Following ROSC after cardiac arrest, the clinicians are responsible for determining the patient’s neurological status. The team must understand the assessments that will aid in developing a realistic prognosis for the patient.
The team uses multiple modalities in this process:

Neuroprognostication Modalities
- Clinical Assessment begins at the time of ROSC and continues throughout the patient’s stay. The assessments include:
- Targeted temperature management (TTM), beginning at ROSC and continuing for approximately 36 hours.
- After TTM, the team begins rewarming the patient. This process continues until 60 hours following ROSC.
- At that time, the team ensures normothermia and begins to reduce sedation
- Radiological Assessment includes:
- CT of the head at the time of ROSC and as needed for 24 hours.
- After 24 hours, MRI is a better tool for predicting neurological outcomes.

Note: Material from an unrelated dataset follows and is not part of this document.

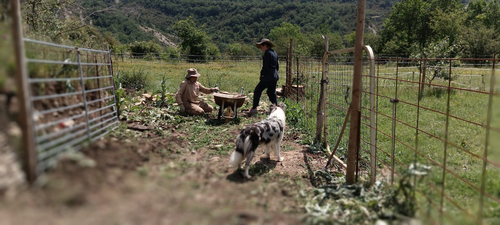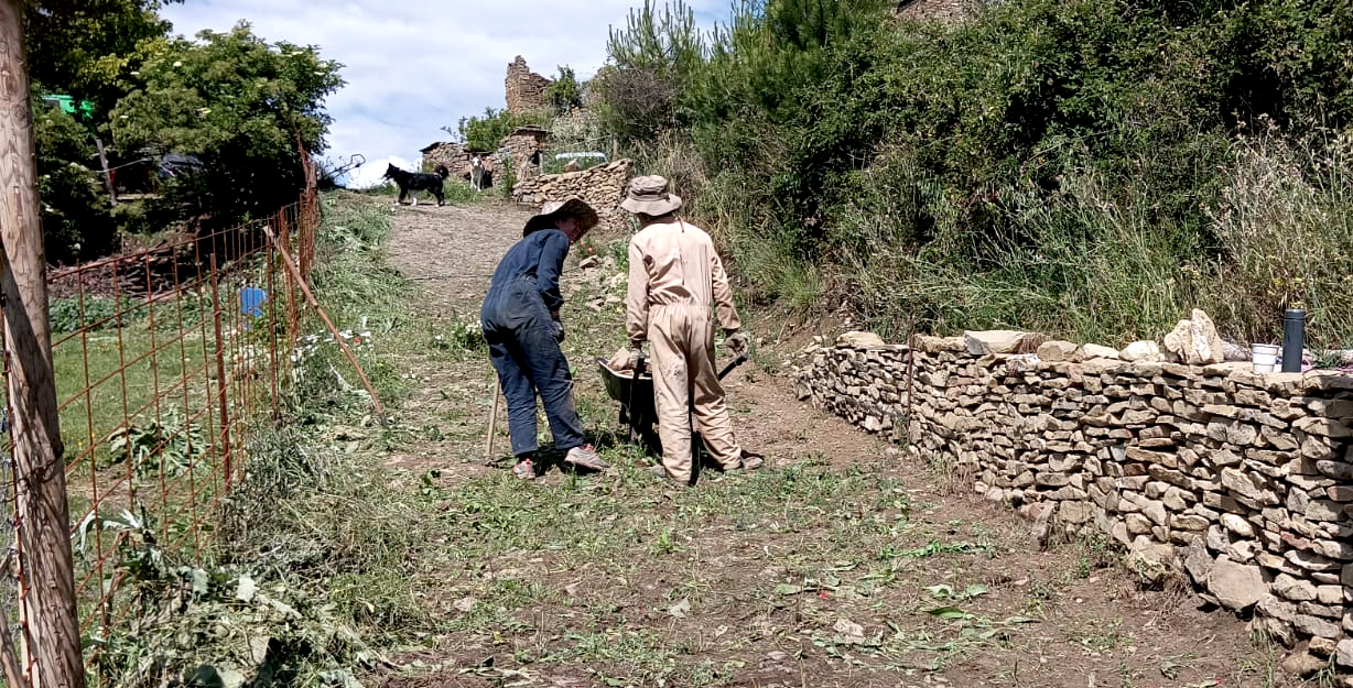 Eva, una encantadora voluntaria de Barcelona, se nos ha unido este mes con su perro, LLop. Nos está ayudando en los trabajos de limpieza y en la reconstrucción de los muros de piedra seca que dan acceso a las parcelas de plantas medicinales. Comparte su entusiasmo y su amor por la naturaleza con nuestro vecino Miguel, un experto en jardinería y producción ecológica que hace unos años compró una casa en Lusera y nos ayuda y visita a menudo.

- Electrophysiological Assessment includes:
- Assessment of SSEP N20 cortical waves beginning at 24 hours after ROSC.
- Burst suppression and status epilepticus assessment beginning at 72 hours after ROSC.
- Clinical Examination includes:
- Continual EEG assessment for status myoclonus beginning at 24 hours after ROSC.
- Assessment of pupillary light reflex, pupillometry, and corneal reflex beginning at 72 hours after ROSC.
- Serum Biomarker Assessment includes assessment for serum neuron-specific enzyme (NSE) at 24 hours after ROSC.